■ What is required
Copy only what lies from the line containing "여성 핀턱 포인트 와이드 일자 데님 팬츠" through the line containing "Back in the" in the entries below, keeping both end lines exact and dropping every picture.

■ Provided information
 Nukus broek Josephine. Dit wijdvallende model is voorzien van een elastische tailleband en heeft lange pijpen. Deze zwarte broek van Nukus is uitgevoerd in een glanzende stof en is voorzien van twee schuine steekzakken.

--

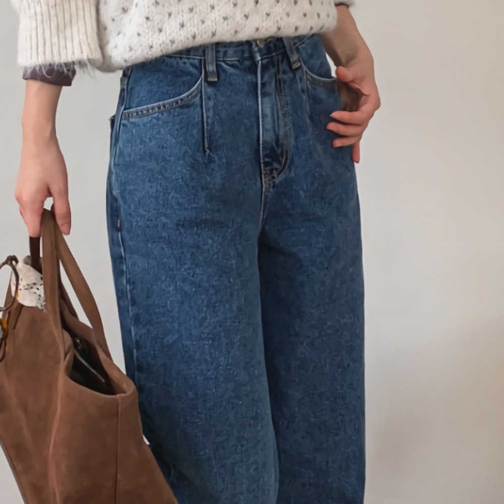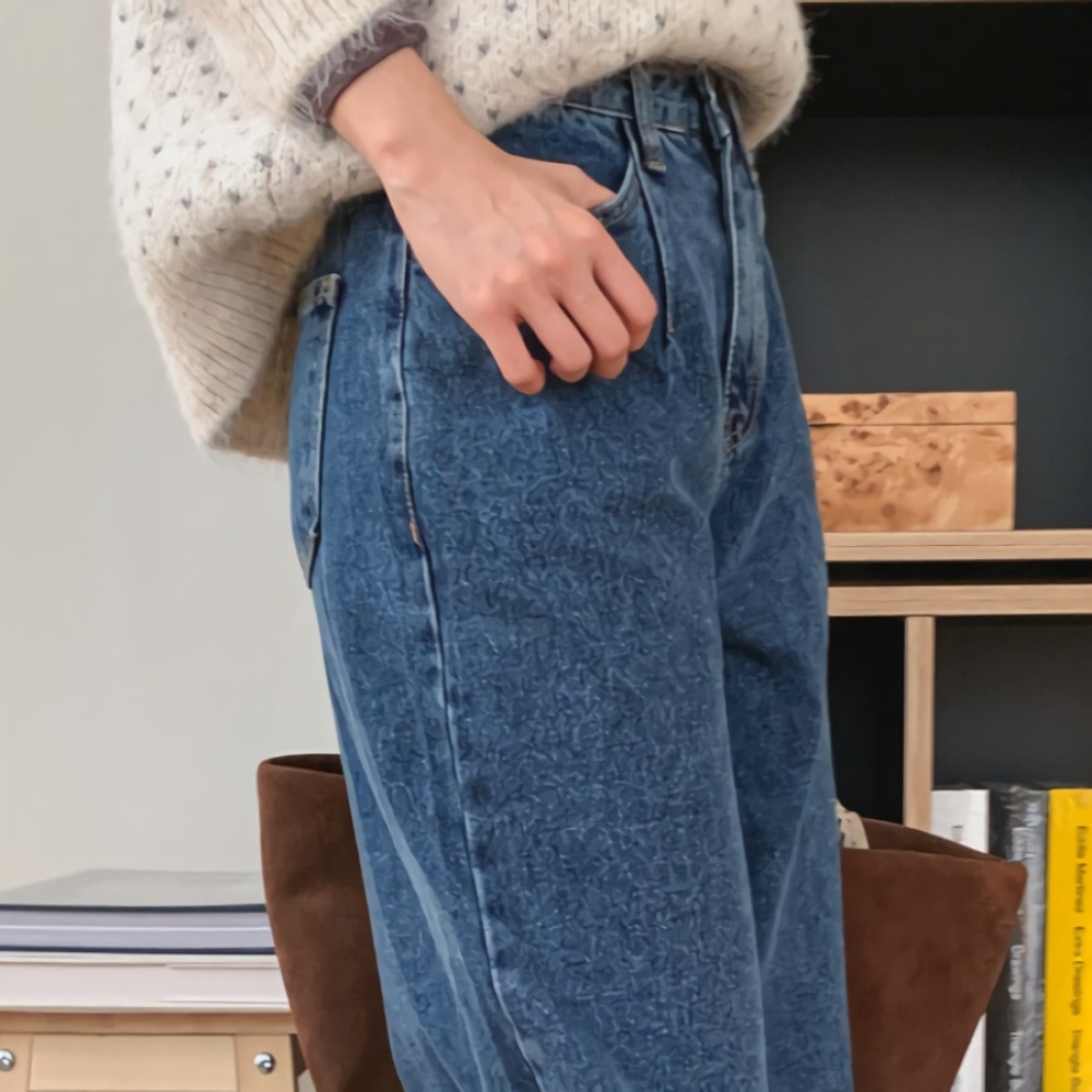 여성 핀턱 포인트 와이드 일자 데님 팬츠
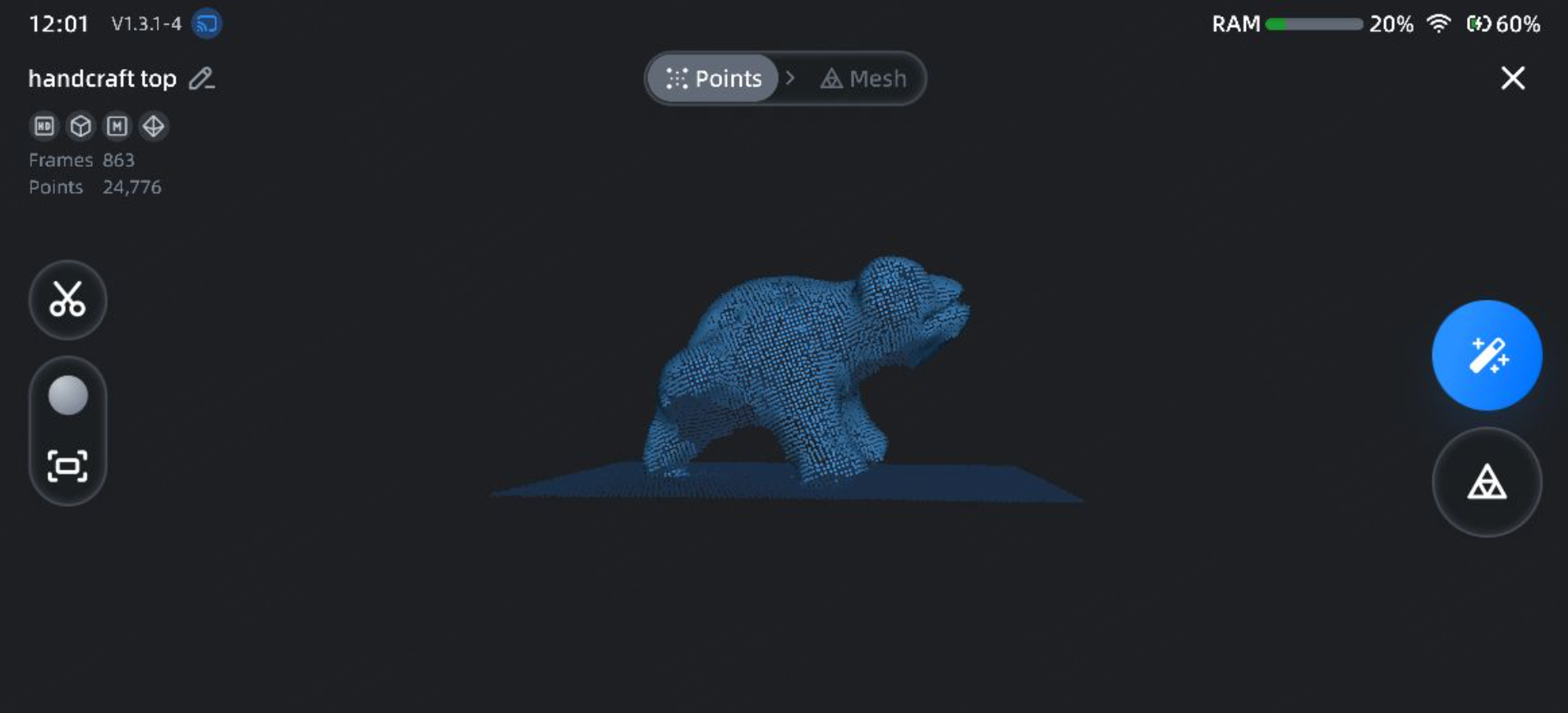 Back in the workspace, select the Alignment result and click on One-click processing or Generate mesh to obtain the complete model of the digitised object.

■ Exercise answer
 여성 핀턱 포인트 와이드 일자 데님 팬츠
 Back in the workspace, select the Alignment result and click on One-click processing or Generate mesh to obtain the complete model of the digitised object.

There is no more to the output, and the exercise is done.